▶ Work order: Could you write out, exactly as they stand, only the lines in the listing below from the line with "Quest'altra marca Junior's" to the line with "打開動態(tài)圖像網(w", both ends included, without the pictures?

▶ Source data:

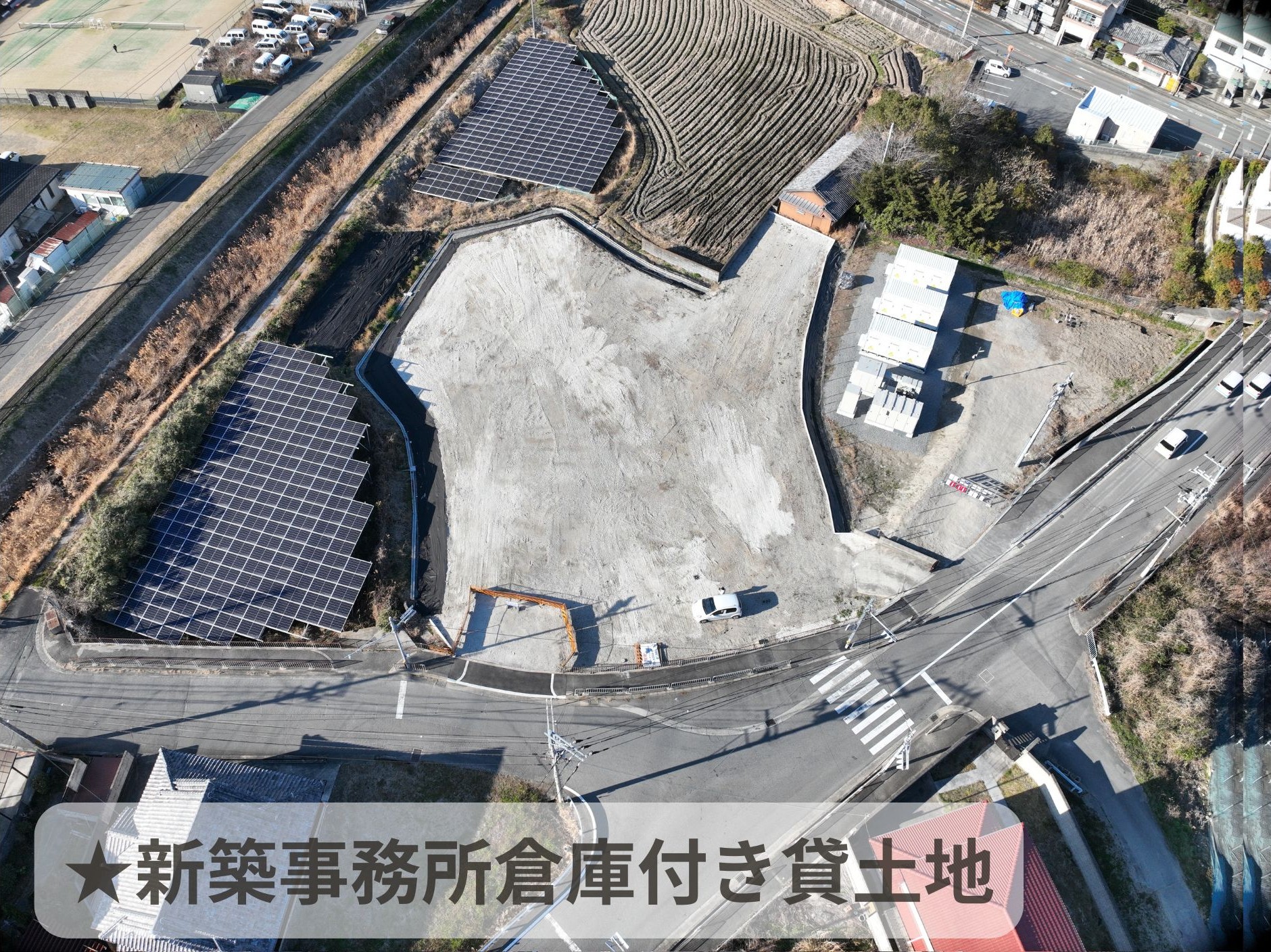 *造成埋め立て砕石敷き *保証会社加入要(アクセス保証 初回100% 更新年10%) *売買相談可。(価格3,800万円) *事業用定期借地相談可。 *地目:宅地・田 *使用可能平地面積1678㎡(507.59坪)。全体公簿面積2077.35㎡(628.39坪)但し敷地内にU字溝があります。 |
==
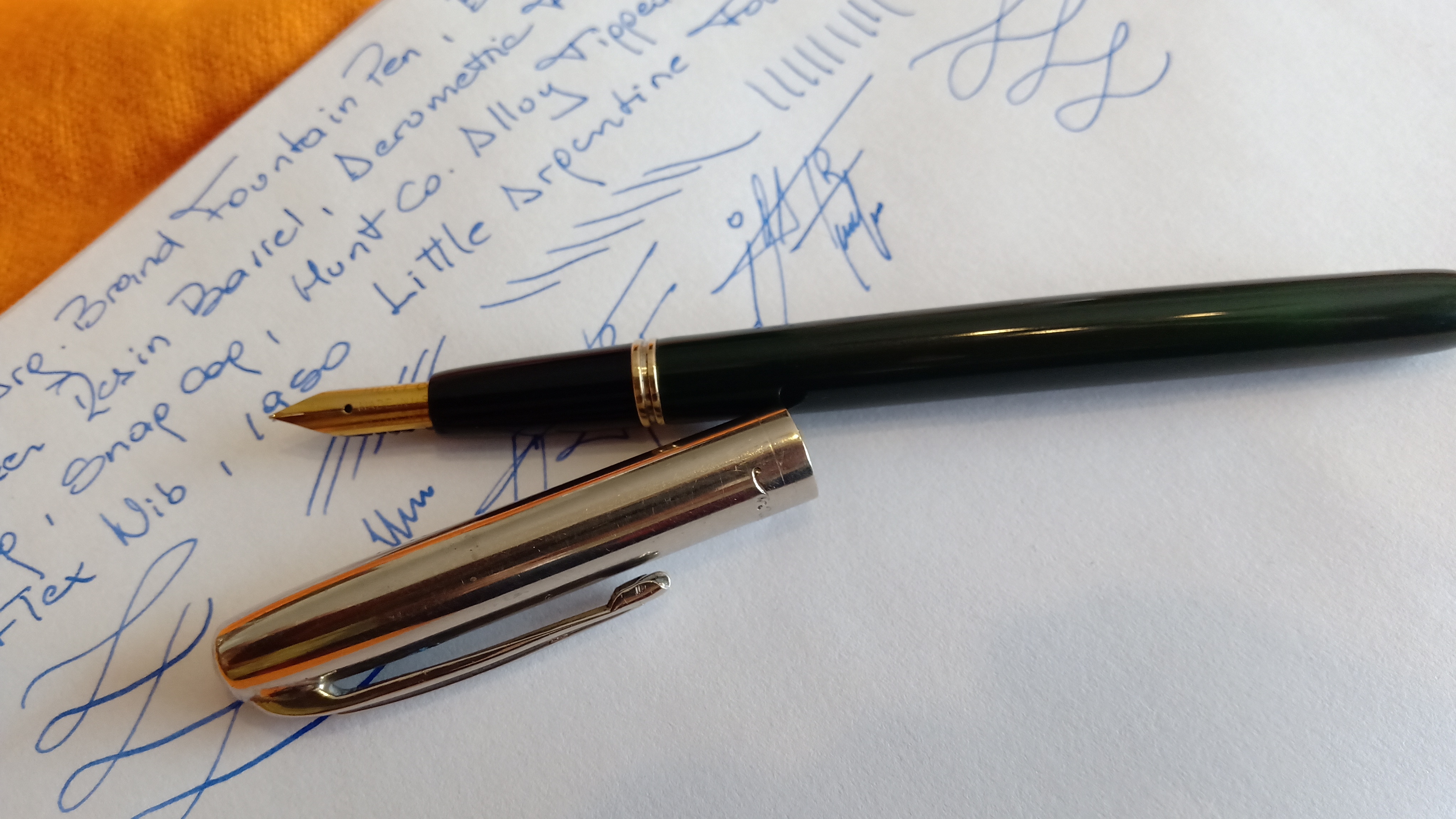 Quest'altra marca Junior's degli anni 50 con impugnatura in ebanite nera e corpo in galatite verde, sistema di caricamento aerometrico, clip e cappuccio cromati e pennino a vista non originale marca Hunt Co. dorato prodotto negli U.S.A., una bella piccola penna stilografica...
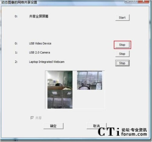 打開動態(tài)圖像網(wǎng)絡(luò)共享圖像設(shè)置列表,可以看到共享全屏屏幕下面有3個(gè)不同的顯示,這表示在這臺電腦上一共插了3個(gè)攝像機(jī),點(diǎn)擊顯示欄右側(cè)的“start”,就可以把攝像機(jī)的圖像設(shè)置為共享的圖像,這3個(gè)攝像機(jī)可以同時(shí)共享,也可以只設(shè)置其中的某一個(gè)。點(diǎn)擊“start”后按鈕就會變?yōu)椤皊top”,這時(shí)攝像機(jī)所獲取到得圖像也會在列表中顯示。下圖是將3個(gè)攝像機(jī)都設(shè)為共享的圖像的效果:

▶ Result for this task:
 Quest'altra marca Junior's degli anni 50 con impugnatura in ebanite nera e corpo in galatite verde, sistema di caricamento aerometrico, clip e cappuccio cromati e pennino a vista non originale marca Hunt Co. dorato prodotto negli U.S.A., una bella piccola penna stilografica...
 打開動態(tài)圖像網(wǎng)絡(luò)共享圖像設(shè)置列表,可以看到共享全屏屏幕下面有3個(gè)不同的顯示,這表示在這臺電腦上一共插了3個(gè)攝像機(jī),點(diǎn)擊顯示欄右側(cè)的“start”,就可以把攝像機(jī)的圖像設(shè)置為共享的圖像,這3個(gè)攝像機(jī)可以同時(shí)共享,也可以只設(shè)置其中的某一個(gè)。點(diǎn)擊“start”后按鈕就會變?yōu)椤皊top”,這時(shí)攝像機(jī)所獲取到得圖像也會在列表中顯示。下圖是將3個(gè)攝像機(jī)都設(shè)為共享的圖像的效果:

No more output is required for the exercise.